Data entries
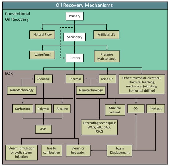 Scheme with the most relevant oil recovery techniques, from primary and secondary recoveries (or conventional mechanisms) to tertiary or enhanced oil recovery (EOR), and possible applications of nanotechnology in EOR. Figure adapted from Ref. [].
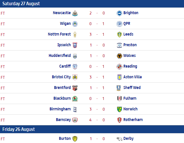 Na prvem mestu so presenetlijo Huddersfield Town, na drugem pa po petih tekmah tičijo ”kočarji”, varovanci Slavise Jokanovica so do sedaj zbrali že enajst točk.Vse rezultate petega kroga Championshipa si lahko ogledate na spodnji sliki.
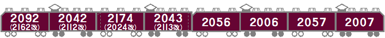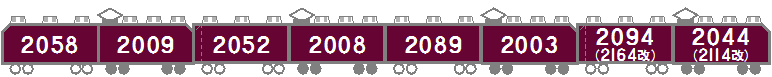 冷改時に2060Fの編成を前後入れ替え,2010と2011の間に2091を組込み,2091はTc→Tに改造済 |
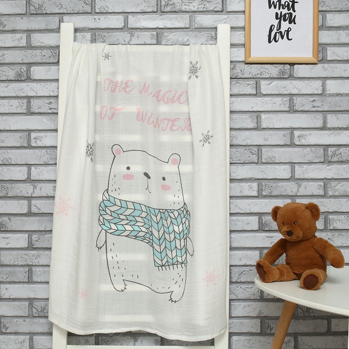 Пелёнка муслиновая Крошка Я «Зима» 120×110 см, двухслойная, 70% бамбук, 30% хлопок
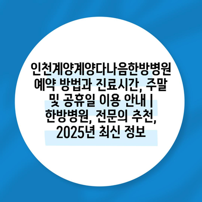 인천계양계양다나음한방병원 예약 방법과 진료시간, 주말 및 공휴일 이용 공지 | 한방병원, 전연락 추천, 2025년 최신 정보 에 대해 자주 묻는 질문 TOP 5
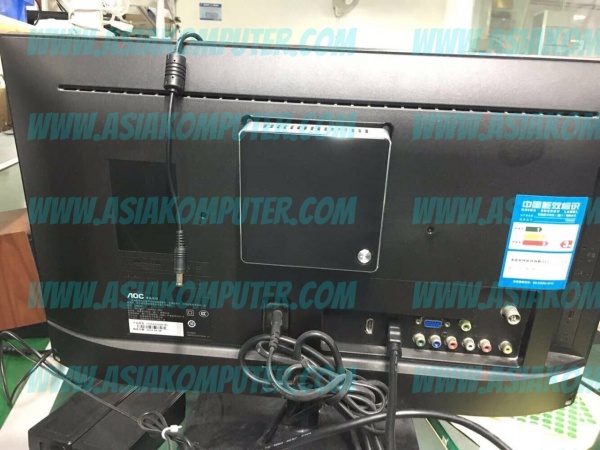 Ada port HDMI dan VGA, bisa langsung colok ke monitor VGA.
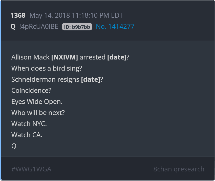 Times Union 紙の 2018年3月27日付記事によれば、シュナイダーマンの NY 州司法長官事務所は、NXIVM に関連する非営利財団について捜査を行っていた。シュナイダーマンが辞任を発表した2018年5月7日は、アリソン・マックが逮捕された2018年4月20日のわずか17日後である。「Q」は、マックの逮捕・自供がシュナイダーマンの辞任につながった、と示唆している訳だ。
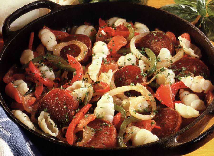 Descasque as cebolas e corte-as em rodelas finas. Abra ao meio os pimentos e as malaguetas, retire-lhes as sementes e lave-os. A seguir seque-os e corte-os em tiras finas. Corte o chouriço em rodelas de 1 cm de grossura. Dê uns golpes em cruz nos tomates, escalde-os em água quente, passe-os por água fria e tire-lhes a pele. Finalmente, corte-os em pedaços grosseiros. Derreta a manteiga e refogue nela as rodelas de cebola, até ficarem transparentes. Polvilhe com o colorau e adicione as rodelas de chouriço. frite bem dum lado e doutro, e por último junte os pimentos e as malaguetas. Deixe estufar durante cerca de 10 minutos, com o recipiente tapado. Junte os pedaços de tomate, tempere com sal e deixe cozinhar outros 20 minutos. Pouco antes do fim da cozedura, adicione a massa e aqueça-a. Polvilhe com ervas aromáticas picadas e sirva.
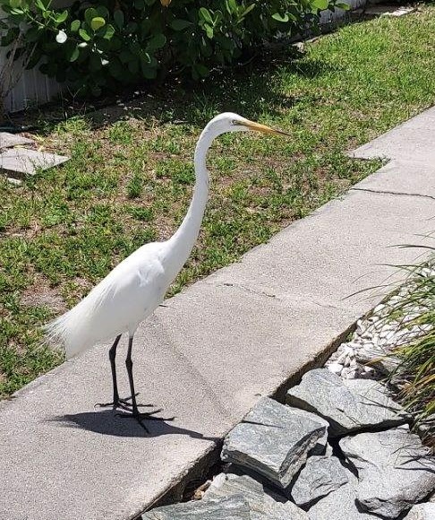 Not too much conversation with this guy. My mother-in-law found her feathered friend standing and staring like this for a good five minutes. Finally, she went up and asked what he was looking at. He looked at her for a bit and then strolled away.
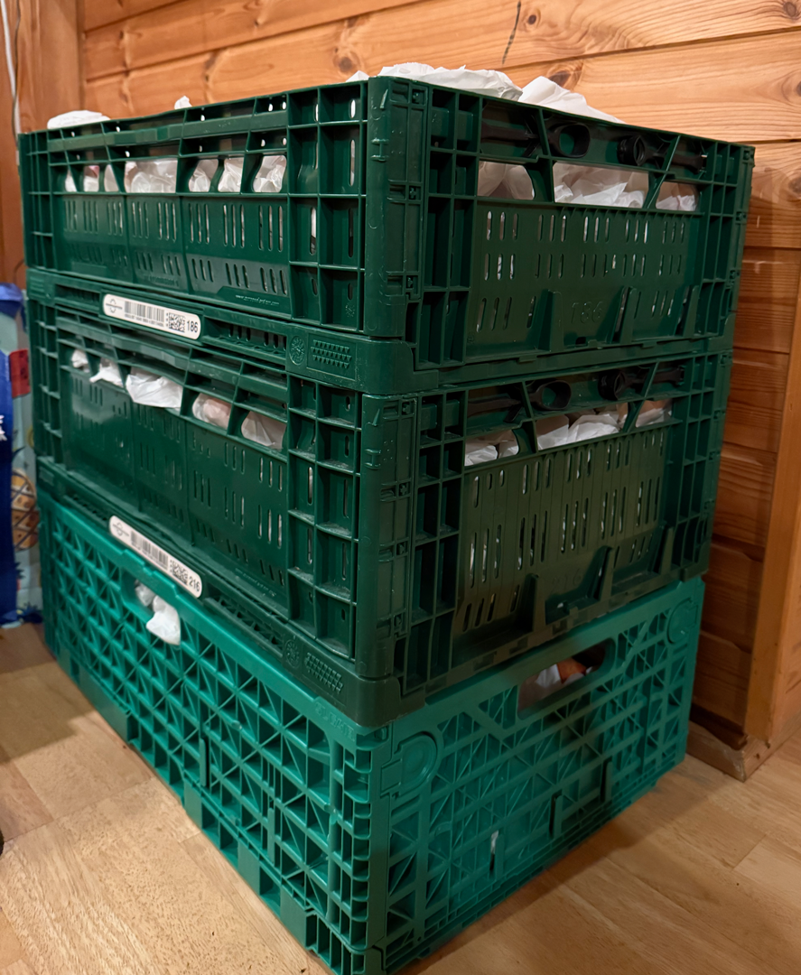 Lagerung in stapelbaren Plastik- oder Holzkisten

▶ Instructions for the task
Reproduce, without alteration and without pictures, only those lines that lie between the first line of the entries above and the line containing "Descasque as cebolas", both of them included.

▶ Exercise response
 Scheme with the most relevant oil recovery techniques, from primary and secondary recoveries (or conventional mechanisms) to tertiary or enhanced oil recovery (EOR), and possible applications of nanotechnology in EOR. Figure adapted from Ref. [].
 Na prvem mestu so presenetlijo Huddersfield Town, na drugem pa po petih tekmah tičijo ”kočarji”, varovanci Slavise Jokanovica so do sedaj zbrali že enajst točk.Vse rezultate petega kroga Championshipa si lahko ogledate na spodnji sliki.
 冷改時に2060Fの編成を前後入れ替え,2010と2011の間に2091を組込み,2091はTc→Tに改造済 |
 Пелёнка муслиновая Крошка Я «Зима» 120×110 см, двухслойная, 70% бамбук, 30% хлопок
 인천계양계양다나음한방병원 예약 방법과 진료시간, 주말 및 공휴일 이용 공지 | 한방병원, 전연락 추천, 2025년 최신 정보 에 대해 자주 묻는 질문 TOP 5
 Ada port HDMI dan VGA, bisa langsung colok ke monitor VGA.
 Times Union 紙の 2018年3月27日付記事によれば、シュナイダーマンの NY 州司法長官事務所は、NXIVM に関連する非営利財団について捜査を行っていた。シュナイダーマンが辞任を発表した2018年5月7日は、アリソン・マックが逮捕された2018年4月20日のわずか17日後である。「Q」は、マックの逮捕・自供がシュナイダーマンの辞任につながった、と示唆している訳だ。
 Descasque as cebolas e corte-as em rodelas finas. Abra ao meio os pimentos e as malaguetas, retire-lhes as sementes e lave-os. A seguir seque-os e corte-os em tiras finas. Corte o chouriço em rodelas de 1 cm de grossura. Dê uns golpes em cruz nos tomates, escalde-os em água quente, passe-os por água fria e tire-lhes a pele. Finalmente, corte-os em pedaços grosseiros. Derreta a manteiga e refogue nela as rodelas de cebola, até ficarem transparentes. Polvilhe com o colorau e adicione as rodelas de chouriço. frite bem dum lado e doutro, e por último junte os pimentos e as malaguetas. Deixe estufar durante cerca de 10 minutos, com o recipiente tapado. Junte os pedaços de tomate, tempere com sal e deixe cozinhar outros 20 minutos. Pouco antes do fim da cozedura, adicione a massa e aqueça-a. Polvilhe com ervas aromáticas picadas e sirva.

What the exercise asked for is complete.